Abe also said that seeking Diet approval when deploying the forces abroad has been customary. He said he will consider the matter in pursuing the permanent legislation. He ruled out the possibility of combat missions for Japanese troops.
Comment: All past Self Defense Force overseas missions have required passage of a special law authorizing each deployment. This legislation might be a key component -- a building block -- in a larger strategy to enable Japan to respond more quickly to defend its citizens and interests. If that hypothesis is accurate, permanent authority for logistics missions probably is less contentious than other steps because Japan has contributed logistic support to multiple missions since 2001.
North Korea-US: Today a pro-North Korean news outlet base in Japan published an article about the meaning of the National Defense Commission's statement published yesterday. It stressed that the North Korean leadership was sincere in offering to temporarily suspend nuclear testing in return for the US temporarily suspending annual Allied exercises.

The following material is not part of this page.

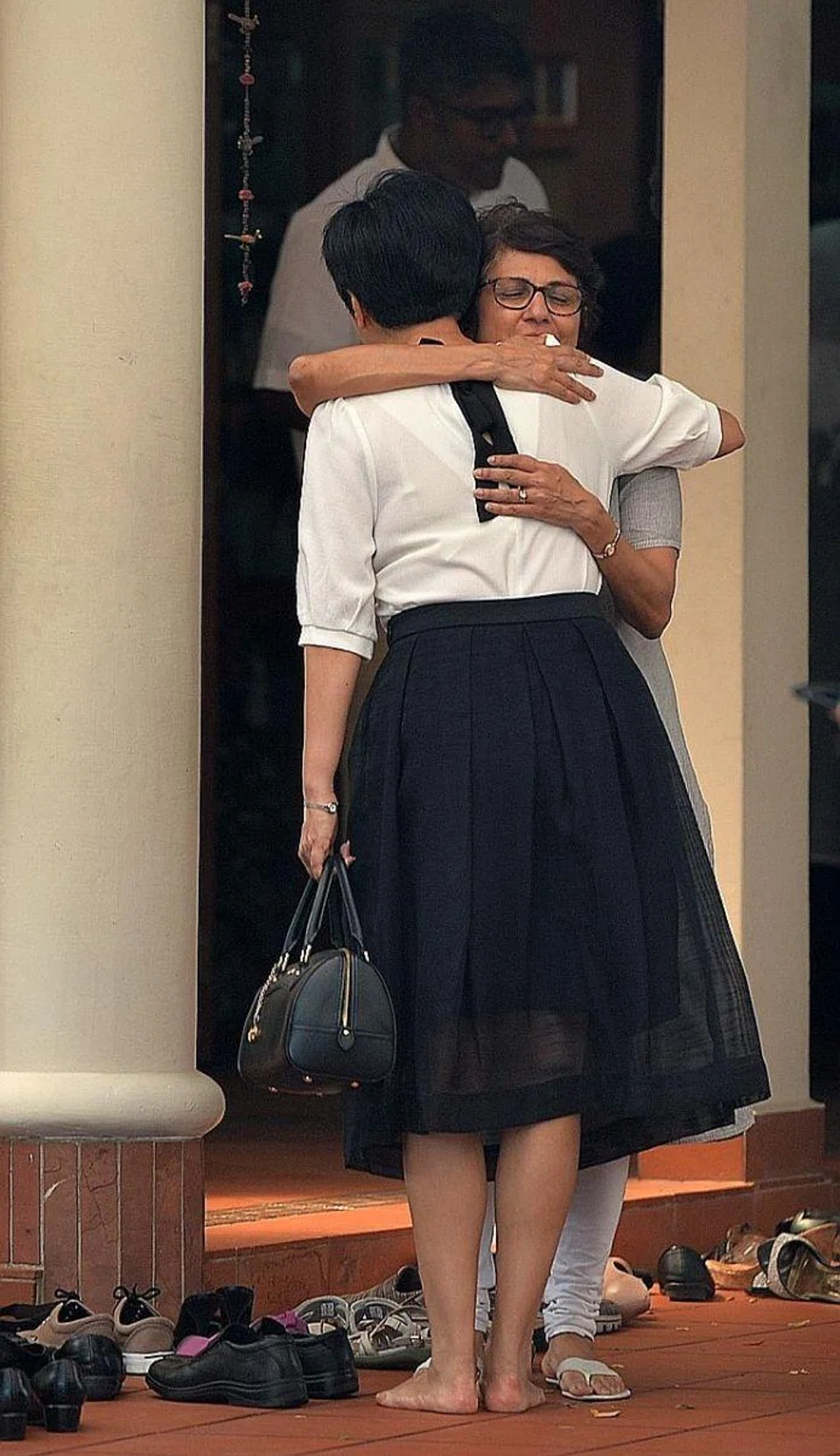 VISITORS: (Above) Ms Idranee Rajah hugging Mr Nathan's daughter Juthika Ramanathan.

The main purpose of this article apparently is to clarify that yesterday's National Defense Commission statement should be understood as the North's "Final Notice" to accept its offer of talks or face an all-out war of confrontation. The writer said that the news report about North Korean training to attack a US aircraft carrier is linked to the National Defense Commission statement.
He also clarified that when North Korean media mention "mad dogs" they are referring to "the Obama administration." The North Korean government, the author wrote, has no need to sit down to talk with "mad dogs."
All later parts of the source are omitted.